It seems to be admitted by plaintiffs that the subject matter now pending before the Illinois commerce commission is the same subject matter as that involved in this proceeding. Plaintiffs insist, however, that the decision of the Supreme Court referred to “is binding upon the defendant for the benefit of the plaintiffs ’ ’; that “a violation thereof is subject to restraint”; that the circuit court had jurisdiction to enter the necessary restraining orders, and having taken jurisdiction would assess such damages and costs as might be determined to be due from the defendants.
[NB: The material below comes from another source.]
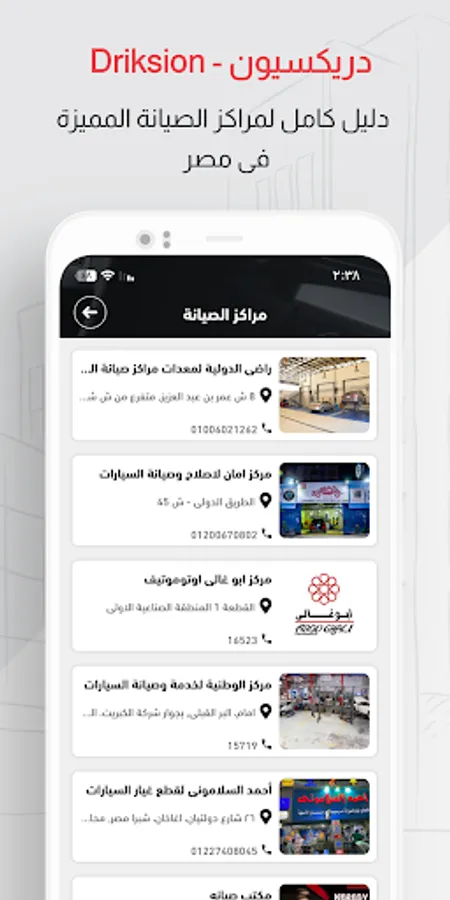 A specialized section for addresses and numbers of car dealerships in Egypt

Defendant insists that the Illinois commerce commission has exclusive jurisdiction over the subject matter of the suit, that it has complied with the circuit court decree and the Supreme Court decision in the schedules filed with the commission above referred to, and by the approval by the commission of such schedules. ' It is not claimed that the new schedules are wrong.
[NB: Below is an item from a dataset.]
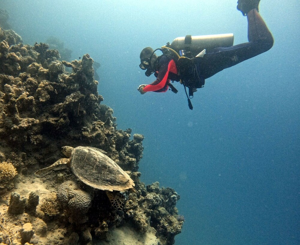 Eine weitere Besonderheit, die man nur hat, wenn man zum ersten Mal hierher kommt, ist der erste Tag des Tauchens. Sie zahlen für unbegrenztes Tauchen am Hausriff, aber der erste Tag ist nicht wirklich unbegrenzt. Um 9 Uhr findet eine Einweisung statt, die für Neulinge (und vorzugsweise auch für Personen, die schon einmal dabei waren) obligatorisch ist. Wenn Sie schon einmal dort waren, können Sie einen Tauchgang vor diesem Briefing machen, aber wenn Sie zum ersten Mal kommen, müssen Sie 2 geführte Tauchgänge machen. Die erste ist um 11 Uhr nach dem Briefing und die zweite um 2 Uhr morgens. Und obwohl man für unbegrenztes Tauchen bezahlt, ist der erste Tag mit unbegrenztem Tauchen eine große Enttäuschung. Wir machten 2 und manchmal 3 Tauchgänge von 75-90 Minuten vor dem Mittagessen. Sie sollten hier mehr nach dem Prinzip "Sie fragen, wir bedienen" verfahren. Wer fanatisch tauchen will, sollte die beiden obligatorischen Tauchgänge am Morgen machen.

We call attention to the following excerpts from the Public Utilities Act (Ill. Rev. Stat. 1937, ch. 111%, page 2472 [Jones Ill. Stats. Ann. 112.089, 112.090, 112.092, 112.093, 112.098]), with reference to the matters upon which plaintiffs predicate their complaint:

“Sec. 64. Complaint may be made ... by any person or corporation . . . setting forth any act or thing's done or omitted to be done in violation, or claimed to be in violation, of any provision of this Act, or of any order or rule of the commission. . . .

“Sec. 65. ... At the conclusion of such hearing the Commission shall make and render findings concerning the subject-matter and facts inquired into and enter its order based thereon. . . .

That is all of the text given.